More generally large funding rounds, while not in and of themselves a bad thing (though at times a very real argument can be made for the downsides) can often allow a company to get into bad habits early on. A company may hire too quickly, take on too large of a lease (space isn’t the problem – what can end up taking too much time and attention is finding, negotiating for and filling up a space with furniture, computers etc – and the people that then go with them). Some of this “waste” is what investors intend when they fund a company – to give the founders financial room to make a few mistakes without putting the whole business at risk, to give them resources to toss money at some problems instead of time.
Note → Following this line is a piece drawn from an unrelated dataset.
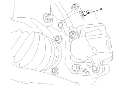 3. Loosen the right-rear brake bleed screw (A) to allow air to escape from the system. Then tighten the bleed screw securely.

But too much of this leads to dangerous problems and it also leads to the very common situation of a core management team that when they close their first round find themselves almost immediately working on closing the next round and the next beyond that. As a friend and advisor to many entrepreneurs I have observed this situation first hand – friends who disappear from all social and professional engagements for months of pitching dozens (sometimes 100’s) of investors, of constant updates to their pitch deck and of work focused on developing the demonstration of their product (over at times actually building the product and the business around their products). Once they have raised money they often then find themselves deeply focused on numbers that can appear “sexy” to the tech press and/or to their investors (and future investors) often again over building out the business aspects of their startup.
By “business aspects” I mean actual revenues – whether from individuals or from other businesses.
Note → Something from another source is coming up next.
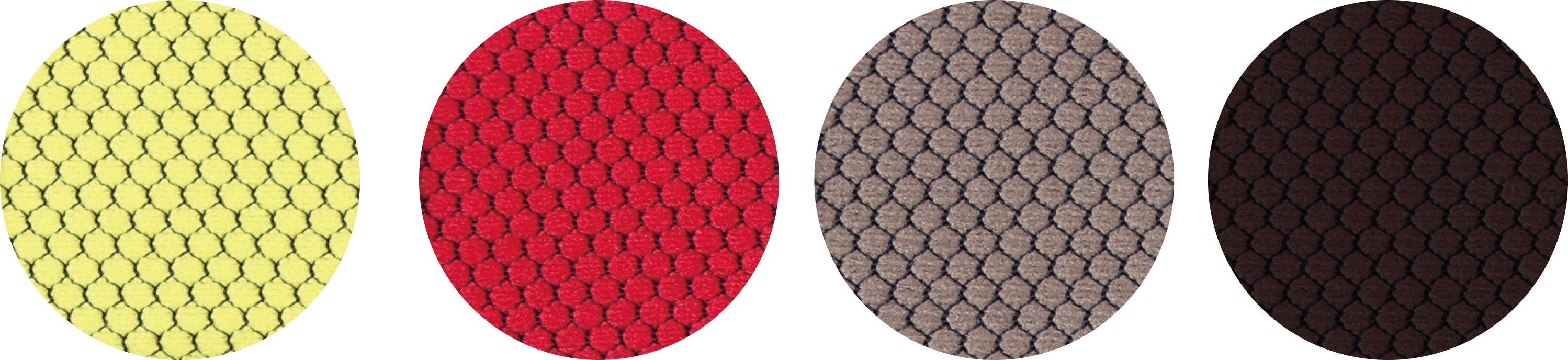 左から、レッド(座面ディープレッド)、トープ(座面トープ)、ブラック(座面ブラック)、イエロー(座面マスタード)

Yes, there are a handful of seemingly successful counterexamples (Twitter may be the current favorite, though they have started to turn on revenue producing services finally) but there are far, far too many counter examples.
In my new business we are focused quite specifically on revenue production from the very early stages and while we plan on raising money our best and likely most reliable source of “funding” will be sales and repeat business from happy customers. If we get very good at selling to other businesses not just initially but on an ongoing and growing basis then we can be very strategic when it comes to raising money. We will probably still need to raise money but a solid business base will give us leverage and flexibility as we raise money and should also help my co-founder and me avoid the trap of focusing on our pitch to investors over our sales processes and products.